Extract data from Google Earth Engine

The code to extract GEE data is run using the Python API in Google Colab notebooks (which are Jupyter notebooks hosted by Colab). Using Colab means there is no need for local software/library installations, and it also leverages Google’s cloud computing resources.

The latest version of the Earth Engine Python client library is already installed on Google Colab, but note that there are other packages that will require installation via pip (these will need to be installed for each new runtime).

Account and activation

The first thing you need to do is create an GEE account, see here for details. Once you’ve done that it would be advisable to test the Python API and check that everything is working. See here for a short introduction to using the Python API in Google Colab.

In order to run code in the Colab notebook you will need to import, authenticate, and initialize the ee library each time you start a new runtime. This corresponds to the first chunk of code in each notebook. Follow the prompts that the authentication creates and paste your authorization code back into the notebook.

Notebooks

There are currently 19 notebooks in the GitHub repo, and each notebook deals with a specific data source/platform. They are spilt up because each data set requires slightly different processing and export steps, however there is a lot of redundancy in some parts of the code. To open the notebooks stored in the repo, use the Open in Colab button at the top of the notebook. You will need to save your own copy of the notebook in your Google Drive folder if you are making edits.

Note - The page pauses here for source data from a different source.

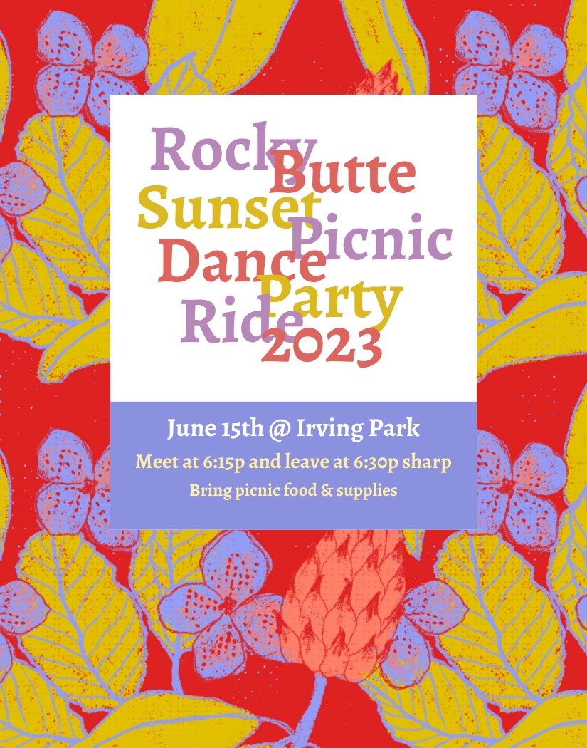 This is the traditional Rocky Butte Sunset Picnic Dance Party Ride. TNR will meet up with us after dark per tradition but we'll plan on getting there much earlier to watch the sunset and picnic. There will be a SHORT store stop but please come as prepared as possible for the picnic. Other Sunset Picnic Series dates: May 24: Mt Tabor https://www.shift2bikes.org/calendar/event-17026 July 20: Pop Punk Picnic https://www.shift2bikes.org/calendar/event-17353 Aug 23: TBD Email me for location and music theme ideas! Floral Illustration by Brooklyn Paige IG:@heycosmicbug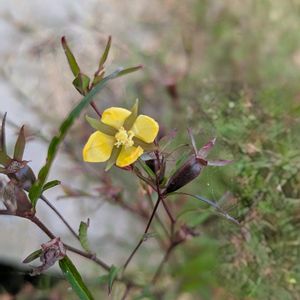 ヒレタゴボウ(鰭田牛蒡)アカバナ科チョウジタデ属 ヒレタゴボウ、4年ぶりに会えました。 黄色の大きなお花です。 葉っぱはもう紅葉し始めてました。 丈は~1mくらいになります。 茎はよく分枝し、4稜があり、翼があります。 葉は披針形で先が尖り、基部は円形、無柄。 花は4弁花で、直径約2.5cmほど、花弁間に隙間が出来ます。 雄しべは8。 萼裂片は三角状で果実になっても残ります。 果実は断面が四角の筒状形で長さ2cm。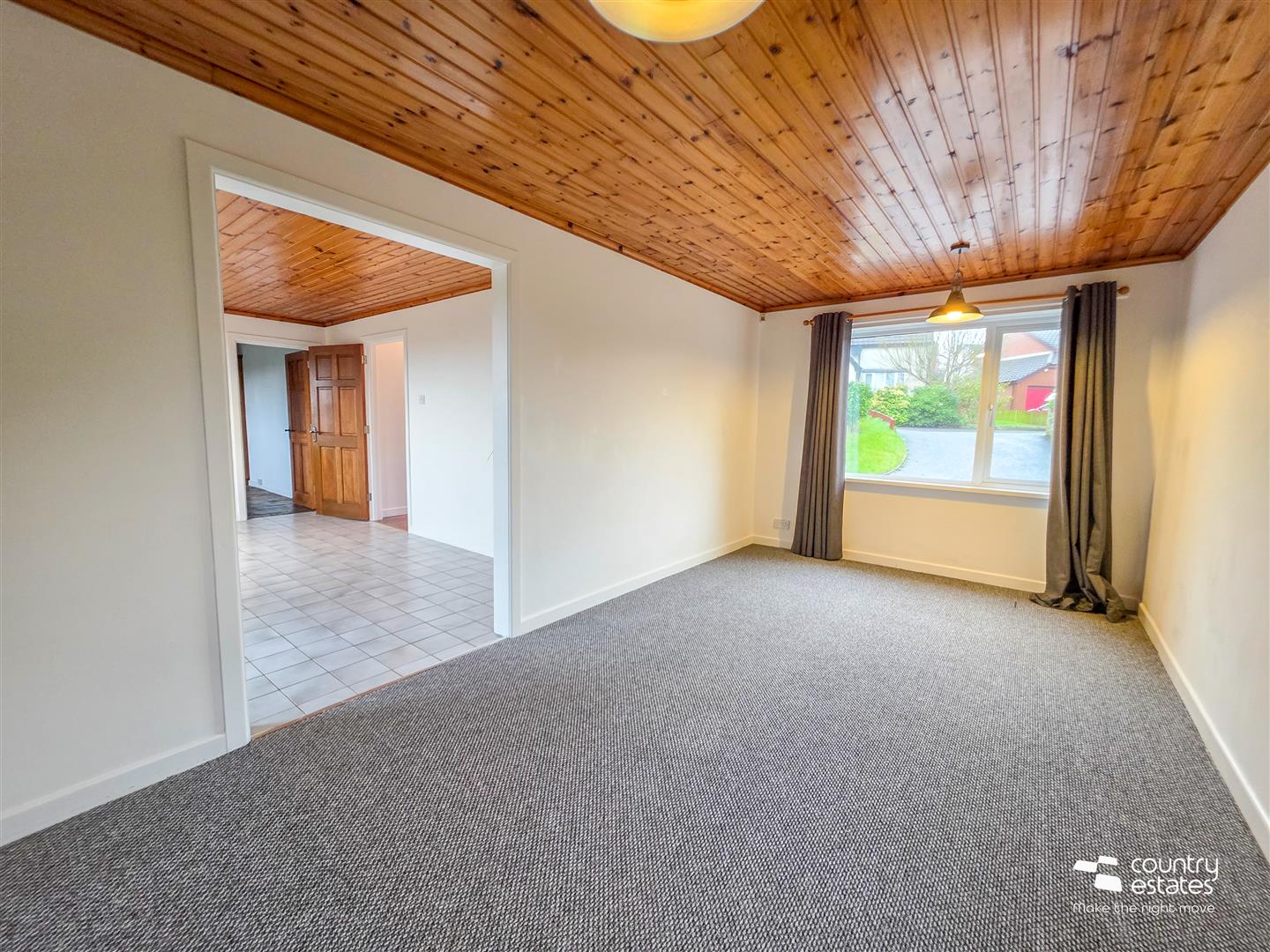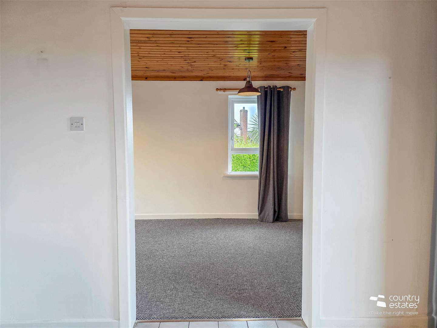 Pine panelled ceiling. Dual window aspect.

Once you’ve completed authentication after starting the runtime, the next step is to define the arguments that relate to: the area of interest (AOI), the name of the layer (which is a unique identifier linked to the metadata spreadsheet - note that the “RS” prefix stands for remote sensing), the image reducer metric, start and end dates for annual layers, and date ranges for seasonal layers. Not all arguments are used because some layers are single GEE Images while others are ImageCollections from which composites need to be created. Below is an example of how the arguments are specified.

# Area of interest
aoi = ee.FeatureCollection("projects/ns-agol-rs-data/assets/MKR_PACE")
aoi_name = "MKR_PACE"

# GEE layer ID
layer_name = "RS_001"

# Image reducer (options: mean, median, min, max, stdDev, sum, product)
img_col_reducer = "mean"

# Date parameters (for sentinel there aren't 10 years of data available)
start_year = 2016
end_year = 2022

# Range doesn't include the stop value
year_list = ee.List(list(range(start_year, end_year+1)))

# Season parameters (months)
rain_start = 3
rain_end = 5 
dry_start = 7
dry_end = 10

AOI

An essential part of the workflow is to have a GEE FeatureCollection that represents the spatial footprint AOI which defines the extent of the output layers. This FeatureCollection must be stored as a GEE asset and is imported into the notebook as follows:

aoi = ee.FeatureCollection("projects/ns-agol-rs-data/assets/MKR_PACE")

In this case the AOI is called MKR_PACE and is stored within the ns-agol-rs-data Google Cloud Project. See this guide for how to get setup with Cloud Assets and Cloud Projects. This path to the AOI asset will be unique to you and how you’ve specified your cloud project structure.

Make a note of where you stored the AOI shapefile that you’ve uploaded as an asset. You will need it in the subsequent steps below.

Running and exporting

The next section of code in the notebooks deals with importing various Image or ImageCollections and processing them (e.g., running spatial and temporal reducers, removing clouds, etc). The code is annotated and should be easy enough to follow.

The final step is exporting the data. The code is currently setup to export the data to your Google Drive using either ee.batch.Export.image.toDrive (raster data) or ee.batch.Export.table.toDrive (vector data). If you want to use the code as is you will need to create a folder called GEE_exports in the root directory of your Google Drive. Otherwise, you can change the folder argument in the export function to point to your own folder. It’s recommend you keep the nomenclature so that it matches this original code because the downstream parts of the workflow will reference the GEE_exports folder explicitly. Within the GEE_exports folder you will also need to create a folder called sent_to_gdb (which will be used as a storage location of the raw data after it’s been imported into the GDBs).